The first additional
protocol to the Geneva Conventions also imposes a duty on armies to
"take all feasible precautions in the choice of means and methods
of attack with a view to avoiding, and in any event minimizing, incidental
loss of civilian life."
Even as US troops
began removing cluster bombs, other units across the city to the west,
in Kadhmiya, enlisted Iraqi help as they cleared a palm grove in a residential
area of piles of unexploded ordnance.
Residents had
marked off the area with string, and hung signs that read: "Danger:
Cluster bombs." There were none found here but when the Bravo Company
of the US Army 317th Engineer Combat Battalion arrived Tuesday morning,
they had no shortage of Iraqi volunteers to load up unused Iraqi grenades,
mortar and tank rounds, and bullets.
For many of
the Iraqis, the hauling of the explosives to a collection point three
miles north of the airport was a first step toward normality. "The
Americans are helping us - this is a major concern for this neighborhood,"

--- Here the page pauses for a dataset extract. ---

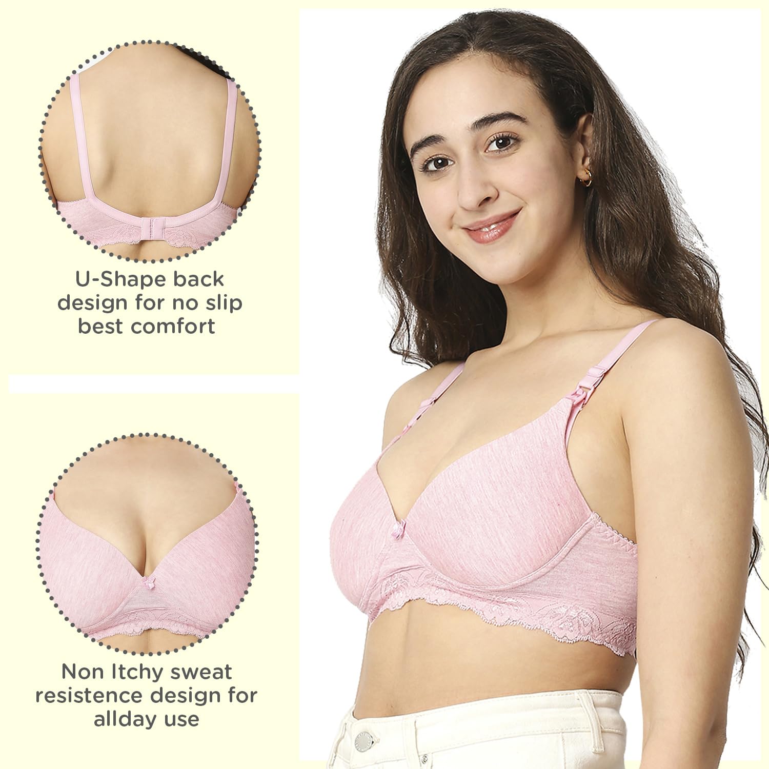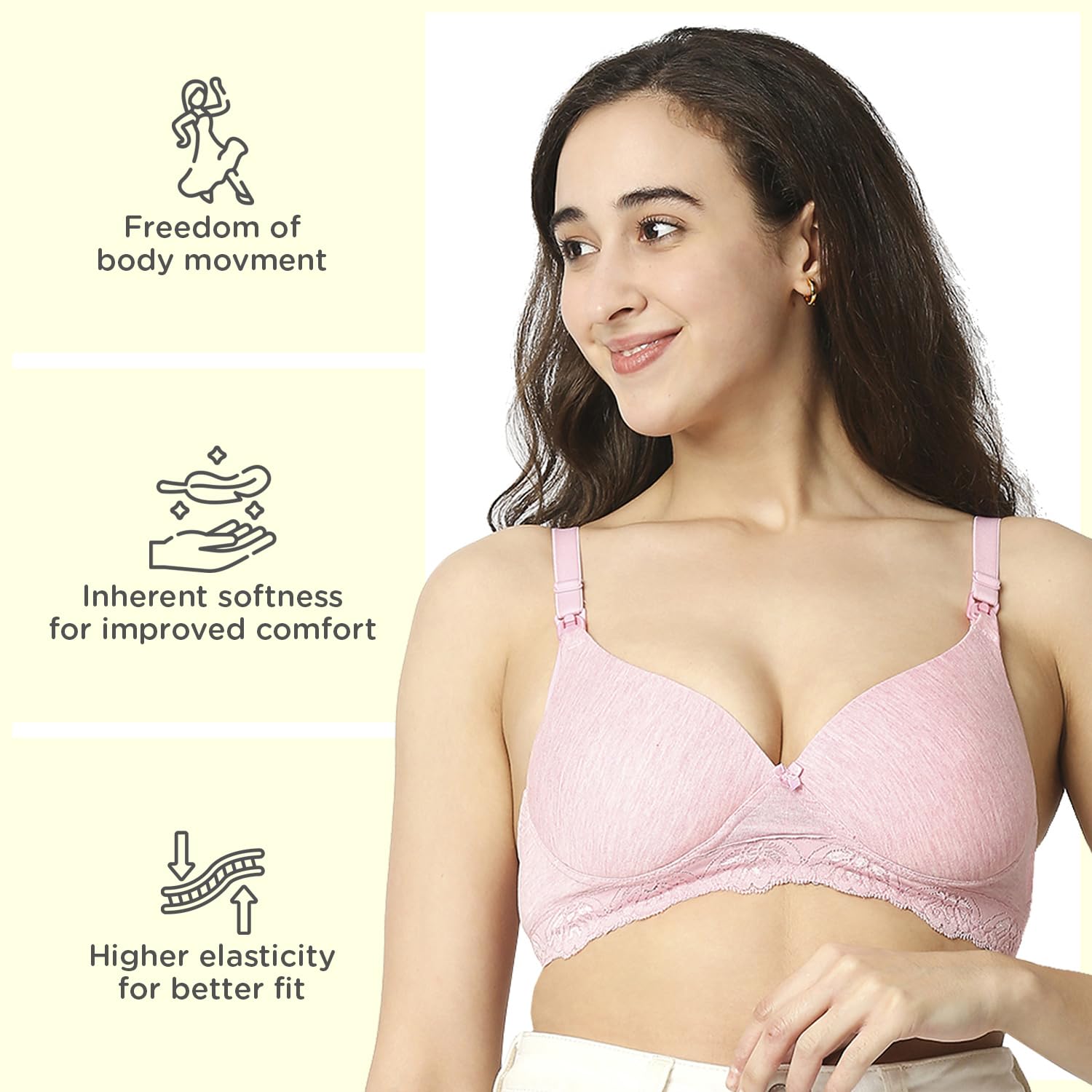A feeding bra also known as a nursing bra is specially designed to provide comfort support and convenience for breastfeeding mothers. Unlike regular bras it features easy-access panels or cups that can be unclipped or pulled down to allow for quick and discreet breastfeeding or pumping. These bras are essential for new mothers as they make the process of breastfeeding smoother and more comfortable both at home and on the go. Made of 100% cotton with extra-soft elastic for ease of wear Front clasp with drop clip to breastfeed quickly. Non-wired for utmost comfort Equipped with thicker straps broader sides and a deeper center front for complete support Non-wired for utmost comfort Ergonomically designed fabric to aid in breastfeeding. Machine washable. Available in ALL sizes - 34 36 38 407 and cup sizes - B C D and neutral colors to suit your preferences.

says Salam Hamid, a merchant and former Iraqi Army officer who directed
his neighbors to help US troops load ammunition boxes onto trucks. "The
two most important things are peace and security. Definitely this is
a boost."
Another signal
that things were slowly getting back to normal were the street lights
in the next neighborhood, which flickered on for the first time on Monday.
"I felt so relieved, because this will help with security,"

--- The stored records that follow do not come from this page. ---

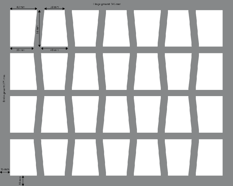 Plateau en mousse avec fente en forme de C. Les fentes ont une empreinte conique. Nous avons les rainures disposées de manière à gagner de la place et à optimiser les distances entre les rainures. La profondeur de 50 mm de la mousse est obtenue à partir d'une base en mousse de 10 mm et d'un plateau en mousse Raster avec 40 mm Profondeur effective.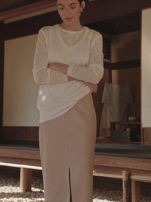 - 앞중심 솔기 디테일과 오픈 슬릿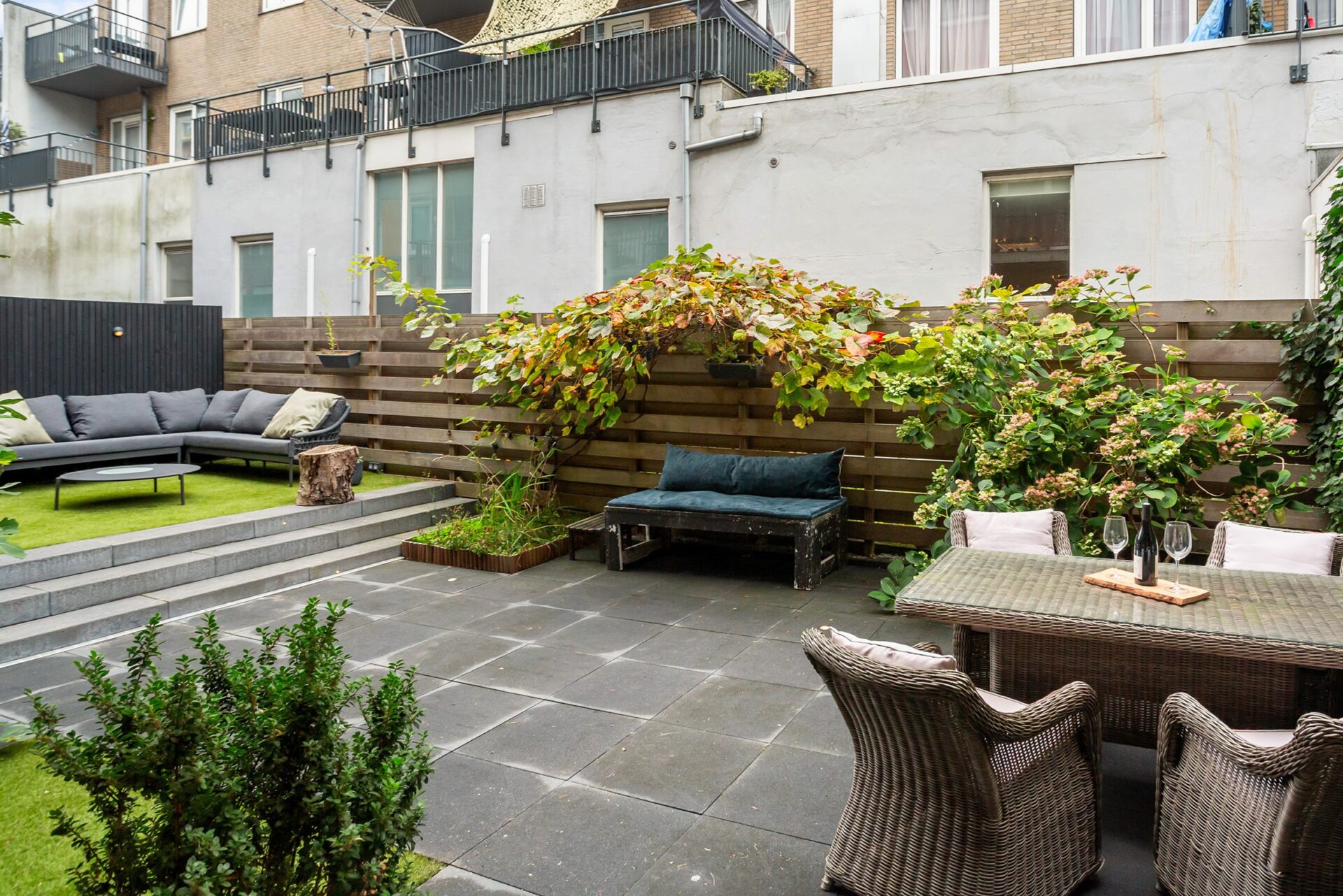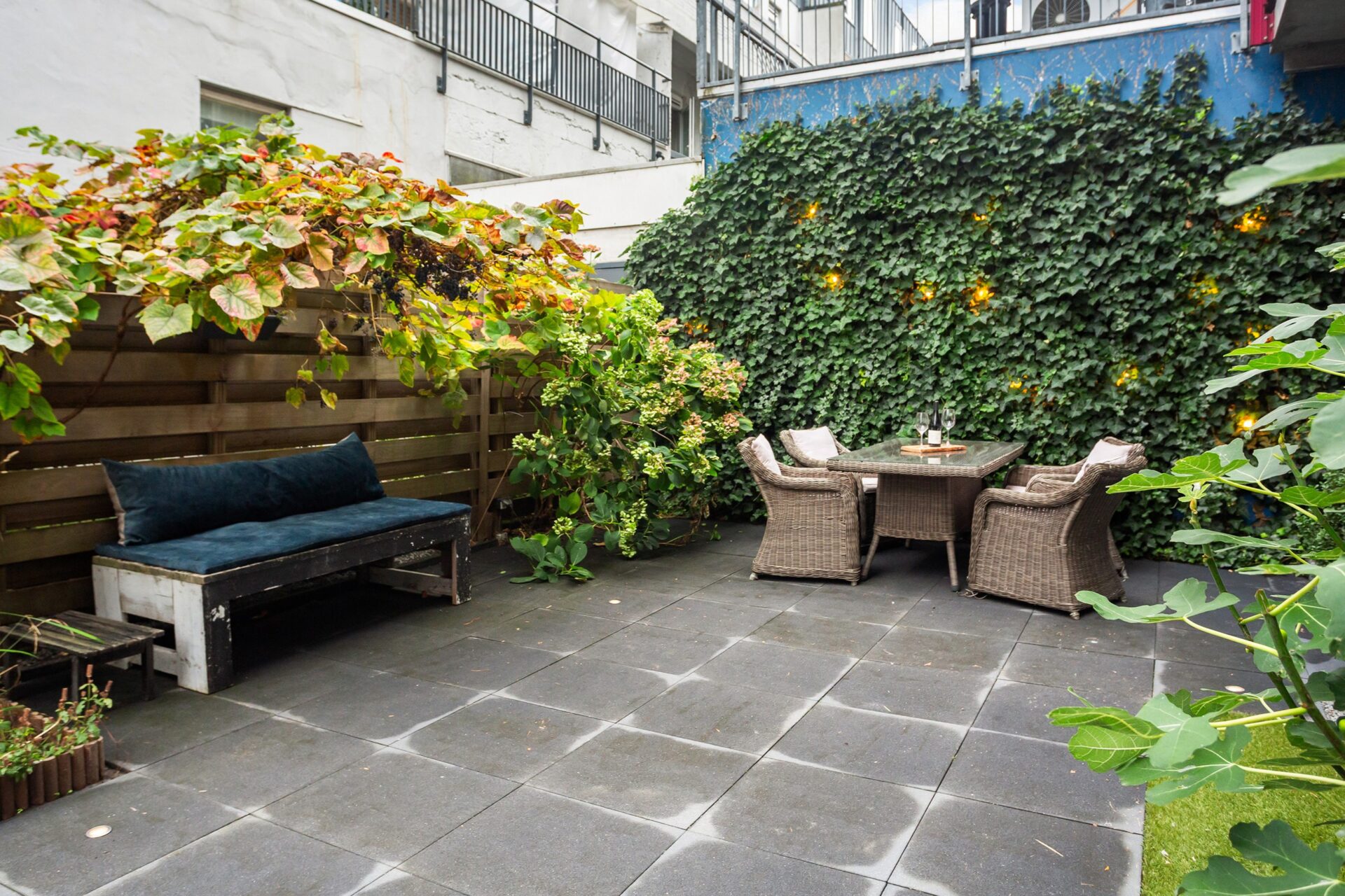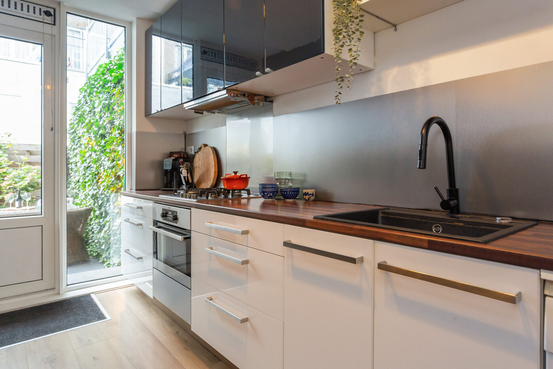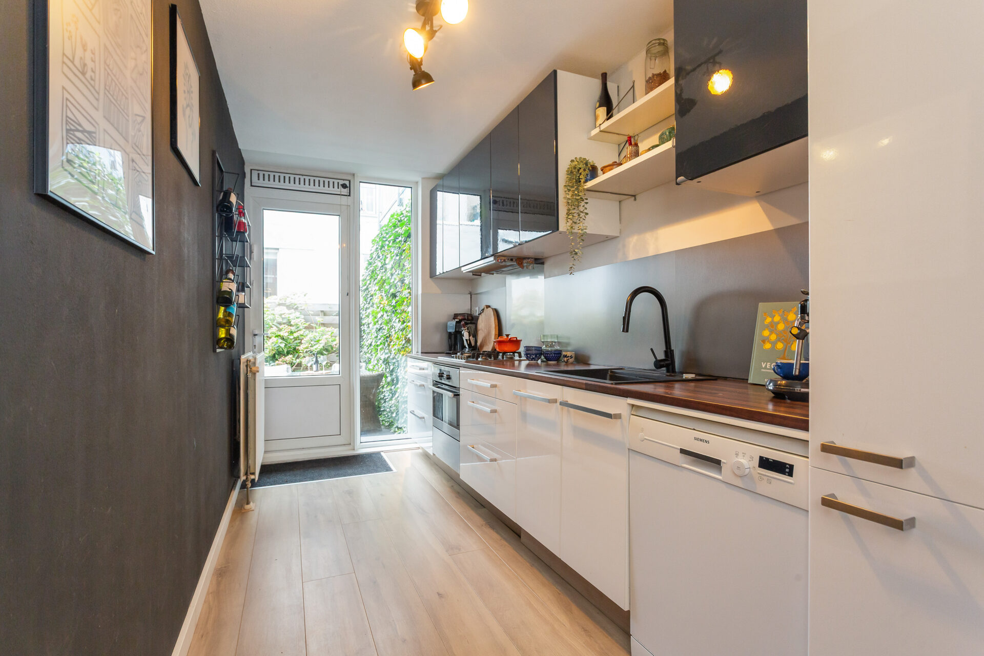 Via de stijlvolle schuifdeur stap je binnen in het royale leefgedeelte van circa 24 m². Dankzij het royale oppervlak richt je de woonkamer makkelijk in met zowel een eethoek als een gezellige zithoek. De keuken is netjes, compleet uitgerust en heeft zelfs een wasmachine- en drogeraansluiting die dankzij de schuifdeur keurig uit het zicht blijft. Vanuit de keuken stap je zo de ruime tuin van meer dan 66 m² in, uniek voor in de stad! De inbouwspots in de grond, de verhoging en in het groen van de klimplanten zorgen ’s avonds voor een sfeervol geheel. Dit is een heerlijke plek van de woning!

says Mr. Hamid. "We want to go back to our safe society, and leave
behind our past."
US Army engineers
say their commanders met Tuesday with Iraqi municipal power officials,
to begin restoring electricity. Getting schools and hospitals up and
running are also a priority, they say - once classrooms are cleared
of ordnance.
Iraqi civilians
"are very helpful, and normally tell us of two or three other places
[where munitions can be found] before we can finish the first. They
are very scared that we are going to leave it, or blow it up in place,"
says US Army Capt. Doug Brinson.
In other security
measures, American commanders issued a message to the "citizens
of Baghdad" Tuesday, imposing a dusk-to-dawn curfew, and calling
on them to approach military positions with "extreme caution"

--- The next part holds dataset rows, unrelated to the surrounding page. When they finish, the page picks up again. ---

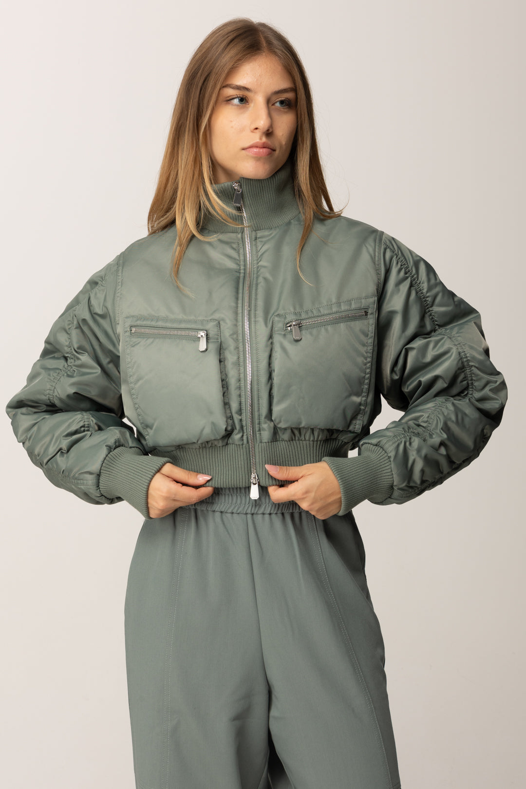 Piumino crop Orli a costine Tasconi sul petto Chiusura con zip doppio tiretto Composizione: 100%Poliestere ! Imbottitura: 100%Poliestere Taglia modella: 40 Altezza modella: 170 cm Suggerimenti d'uso: giorno, tempo libero, weekend fuori porta sporty-chic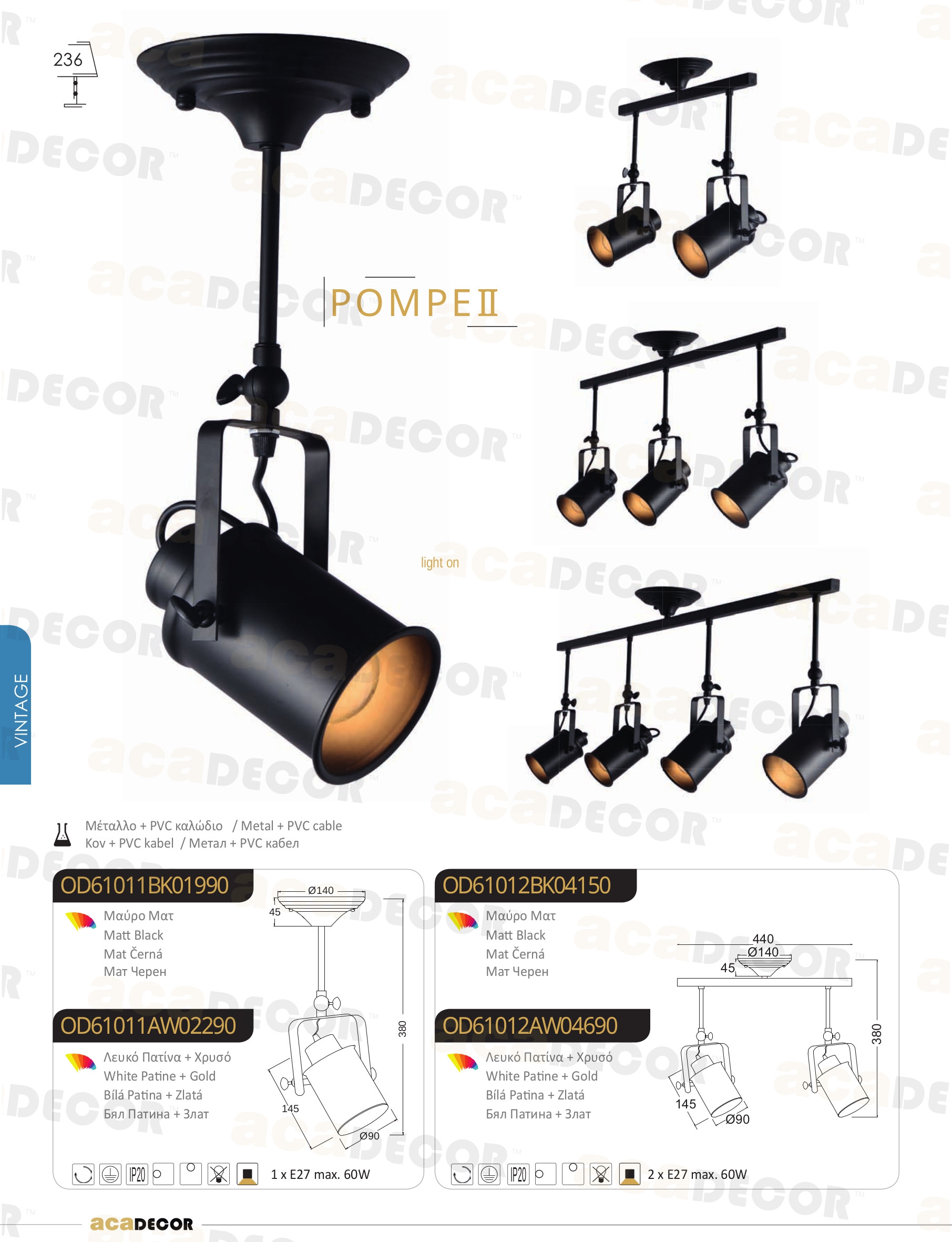 Осветителното тяло OD61011AW ще осигури комфорт и естетика във всяко помещение, в което се постави. Цялостната визия и дизайн на лампата и вложените в изработката й материали, като метал в цвят бял мат със златна патина, ще допринесат за един неповторим стил. Благодарение на дългогодишния опит, качествените материали и строгия контрол на качеството на изработка на производителя ACA-Lighting (Гърция), OD61011AW е на високо европейско ниво.
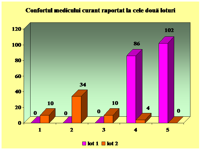 Confortul medicului curant a fost in cazul lotului 1 : 4 la 86 pacienti, 5(maxim) la 102 pacienti, in timp ce la pacientii luati in studiu in lotul 2, am inregistrat valorile: 1 la 10 pacienti, 2 la 34 pacienti, 3 la 10 pacienti, 4 la 4 pacienti.

so as not to be mistaken for "terrorist or criminal elements."
Otherwise, the
message called on Baghdadis to reestablish "normal daily activity
as we work together to restore public services." The note pleaded
for firemen, medical staff, and police to report to US forces to restore
power and other utilities.
Some Iraqis
say that their "liberation" from the grip of Saddam Hussein,
as the US calls it, has yet to yield any fruit. Asked about any signs
of normalcy returning, student Hassanian Suhail replied: "None
until now."
Like many Iraqis
- who have even fewer sources of news, without electricity and television,
and suffering from a shortage of radio batteries - Mr. Suhail was unaware
that American officials Tuesday hosted a meeting of Iraqi exiles and
community leaders from inside Iraq to work on charting a future government.
"If this
meeting leads to security, we welcome it," Suhail says. "Even
if they come from outside the country," he adds.
Still, most
residents remain without water and electricity, and looters robbed a
bank and conducted gun battles on the streets of Baghdad Tuesday, despite
a lower number of incidents, and occasional patrols by Iraqi police.
"The new
government promises a better future, and we expect it," says Mohamed
Kadhim, a driver. "We don't want to get rid of a government, only
to have it replaced by one that is worse."